BBC News – Northumberlandia: The naked lady of Cramlington

4 09 2012

More observant readers will recall that I used to work for a company selling software to mining companies. It was a not unpleasant few years of my career, though I always felt a little uneasy knowing that our software was (as I used to flippantly describe it) designed to help mining companies dig better holes.

In my younger days, straight out of Uni, I refused to work on the well paid projects for defence contractors. The ever present little boy in me (no comments thank-you MM, I was being metaphorical) loved the idea of writing software for guided missiles or fast jets, but at the end of the day they weren’t there just to make loud bangs and big explosions. They were designed to kill people.
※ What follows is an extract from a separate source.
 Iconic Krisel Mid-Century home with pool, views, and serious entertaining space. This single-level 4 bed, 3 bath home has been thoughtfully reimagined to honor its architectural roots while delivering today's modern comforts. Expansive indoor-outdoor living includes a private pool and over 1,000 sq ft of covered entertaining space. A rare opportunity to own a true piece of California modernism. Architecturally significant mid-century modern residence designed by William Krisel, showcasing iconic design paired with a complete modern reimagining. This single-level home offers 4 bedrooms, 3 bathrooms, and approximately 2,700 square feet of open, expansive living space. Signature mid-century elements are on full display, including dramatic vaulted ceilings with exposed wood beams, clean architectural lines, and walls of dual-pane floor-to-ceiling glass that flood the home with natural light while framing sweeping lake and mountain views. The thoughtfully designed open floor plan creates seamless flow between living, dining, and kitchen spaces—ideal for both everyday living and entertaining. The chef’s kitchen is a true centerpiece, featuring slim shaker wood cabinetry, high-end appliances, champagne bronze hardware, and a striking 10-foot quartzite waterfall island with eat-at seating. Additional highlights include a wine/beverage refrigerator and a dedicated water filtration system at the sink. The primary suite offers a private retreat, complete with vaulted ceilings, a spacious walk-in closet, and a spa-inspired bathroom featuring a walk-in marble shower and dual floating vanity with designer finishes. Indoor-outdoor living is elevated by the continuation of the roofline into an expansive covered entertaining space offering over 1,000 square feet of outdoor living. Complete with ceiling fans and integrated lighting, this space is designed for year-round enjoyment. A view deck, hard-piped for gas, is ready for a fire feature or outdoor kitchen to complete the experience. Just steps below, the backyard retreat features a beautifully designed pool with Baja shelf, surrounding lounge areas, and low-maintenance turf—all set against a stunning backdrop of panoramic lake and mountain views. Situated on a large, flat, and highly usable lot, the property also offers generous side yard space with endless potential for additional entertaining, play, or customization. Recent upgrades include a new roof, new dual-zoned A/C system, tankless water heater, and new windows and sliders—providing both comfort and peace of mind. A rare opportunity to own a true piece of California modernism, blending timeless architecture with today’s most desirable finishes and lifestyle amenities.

Mines rape the landscape so we can feed our hunger for minerals. “Someone’s going to do it…”. Though legislation has made things a little better in recent decades, it’s still not uncommon for the spoil heaps to be raging eye-soars for many years. I was all the more pleased then to see this novel idea to use the vast quantities of rock and waste from an open cast coalmine in the NW of the UK. If you’re going to use 1,500,000 tonnes of rock to make a huge great pile… might as well make it an aesthetically pleasing one, no?!
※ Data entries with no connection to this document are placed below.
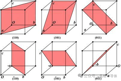 (100) 晶向:对应立方体的棱边方向,原子排列成正方形网格。 (110) 晶向:对应立方体面对角线方向,原子排列呈矩形。 (111) 晶向:对应立方体体对角线方向,原子排列为正三角形密堆积。
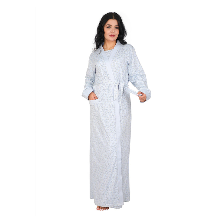 Complete 2-Piece Set: This cozy and elegant set includes a long nightgown with long sleeves and a coordinating, long-sleeved robe, offering a complete and stylish loungewear look.
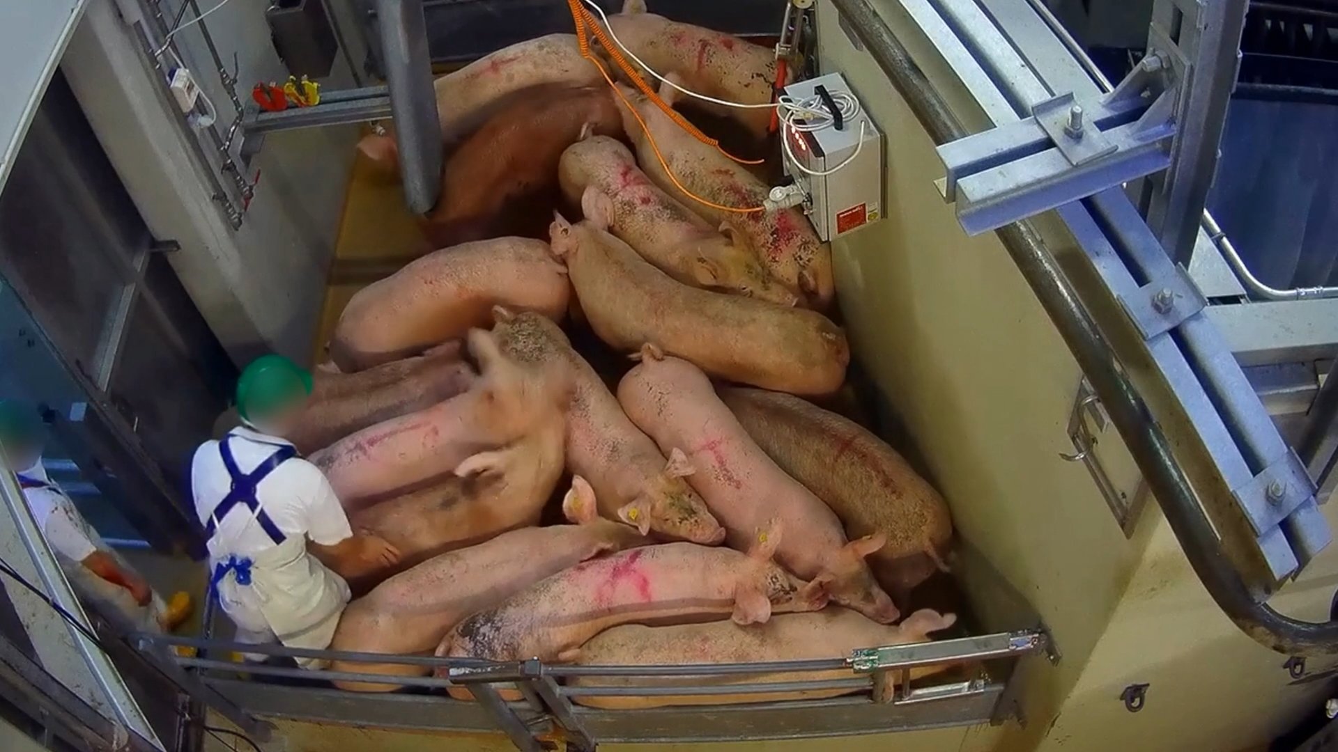 Les cochons sont entassés avant d’être électrocutés et égorgés.

BBC News – Northumberlandia: The naked lady of Cramlington.




6 responses

5 09 2012
misfits' miscellany

You reminded me that you also worked in typography. Do you know anything about creating the stencils used for text in screen-printing?

And how did you enjoy the Peter Silverton book?

5 09 2012
Quieter Elephant

Only in a generic way. What specifically do you mean?
i’m still reading Silverton. Funny stuff. Just read origin of super duper…

6 09 2012
misfits' miscellany

I can’t remember the origin of Super Duper. But I do like where the word “bum” comes from, the “bumpable” part; well, his best guess.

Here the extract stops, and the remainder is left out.